Given entries:
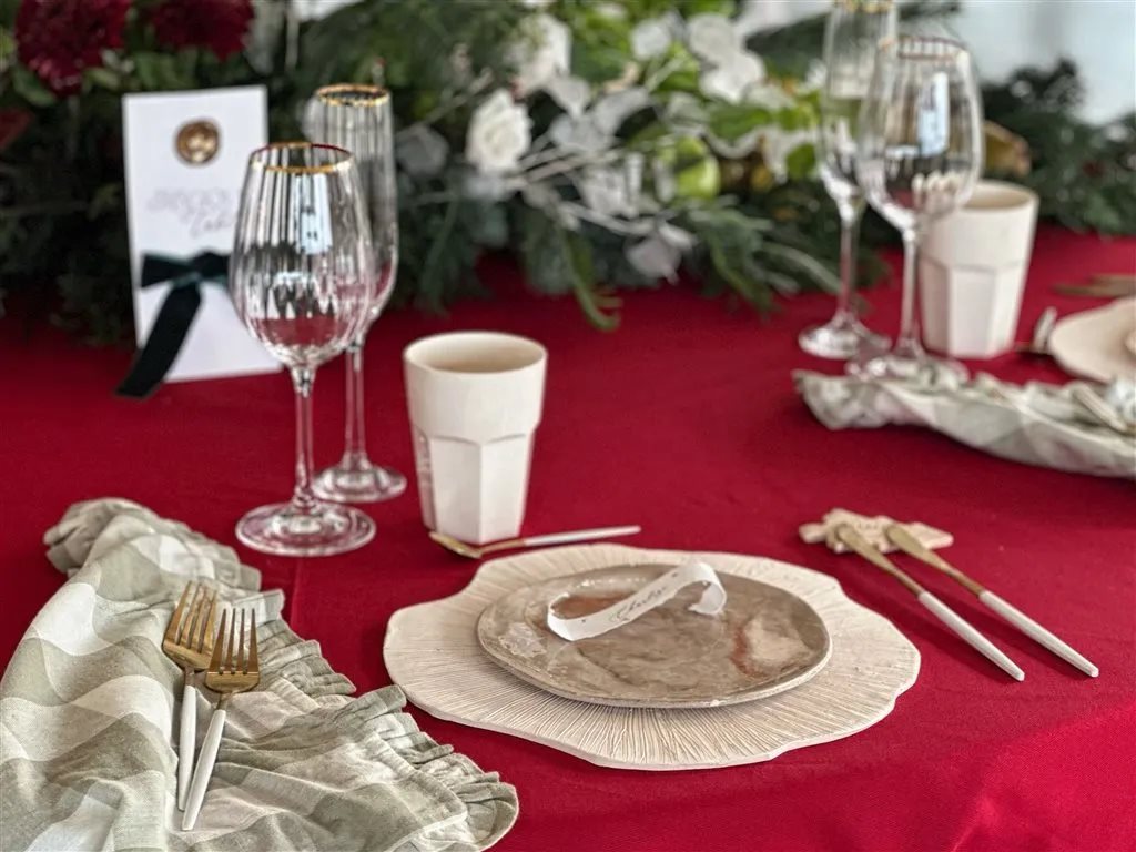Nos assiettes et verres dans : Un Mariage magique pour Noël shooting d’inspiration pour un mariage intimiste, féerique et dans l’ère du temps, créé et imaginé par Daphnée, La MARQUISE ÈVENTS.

==

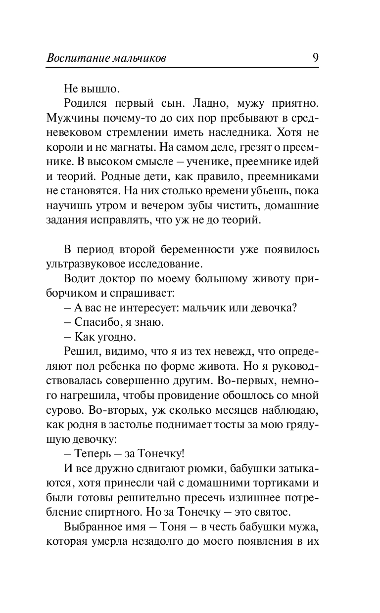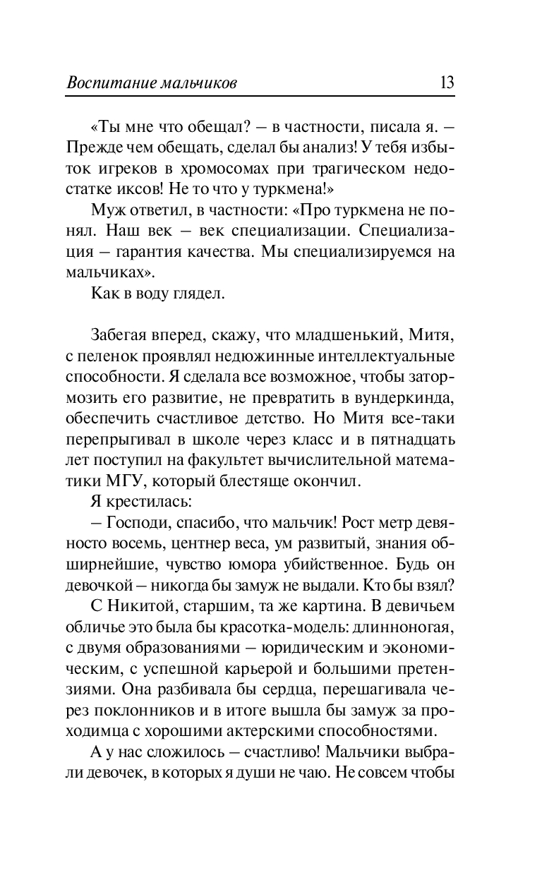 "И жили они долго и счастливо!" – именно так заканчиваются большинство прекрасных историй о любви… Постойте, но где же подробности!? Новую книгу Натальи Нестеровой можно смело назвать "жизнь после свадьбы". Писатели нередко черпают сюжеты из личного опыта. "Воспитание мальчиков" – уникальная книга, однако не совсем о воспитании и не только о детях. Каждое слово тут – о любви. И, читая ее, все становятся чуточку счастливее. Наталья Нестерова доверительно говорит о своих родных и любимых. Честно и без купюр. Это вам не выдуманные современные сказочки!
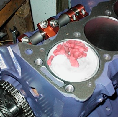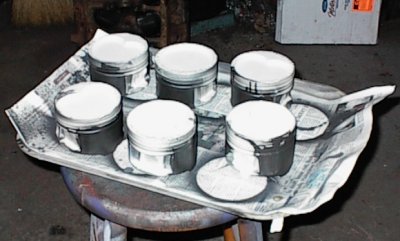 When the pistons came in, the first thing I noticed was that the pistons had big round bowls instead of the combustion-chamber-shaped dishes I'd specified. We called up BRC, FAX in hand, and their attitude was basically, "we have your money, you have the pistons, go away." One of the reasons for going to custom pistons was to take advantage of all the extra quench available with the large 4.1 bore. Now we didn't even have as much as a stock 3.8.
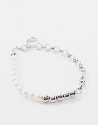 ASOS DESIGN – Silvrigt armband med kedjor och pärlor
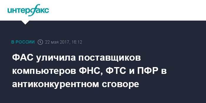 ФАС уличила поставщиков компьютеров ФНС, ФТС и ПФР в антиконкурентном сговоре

* * *

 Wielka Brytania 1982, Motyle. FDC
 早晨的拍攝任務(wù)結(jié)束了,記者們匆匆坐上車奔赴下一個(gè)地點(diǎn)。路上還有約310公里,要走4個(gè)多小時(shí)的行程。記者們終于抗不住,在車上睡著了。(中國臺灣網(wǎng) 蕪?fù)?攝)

Work request: Transcribe only this stretch of the data: the line with "When the pistons", the line with "ФАС уличила поставщиков", and every line in between. Leave out the pictures.

Response area:
 When the pistons came in, the first thing I noticed was that the pistons had big round bowls instead of the combustion-chamber-shaped dishes I'd specified. We called up BRC, FAX in hand, and their attitude was basically, "we have your money, you have the pistons, go away." One of the reasons for going to custom pistons was to take advantage of all the extra quench available with the large 4.1 bore. Now we didn't even have as much as a stock 3.8.
 ASOS DESIGN – Silvrigt armband med kedjor och pärlor
 ФАС уличила поставщиков компьютеров ФНС, ФТС и ПФР в антиконкурентном сговоре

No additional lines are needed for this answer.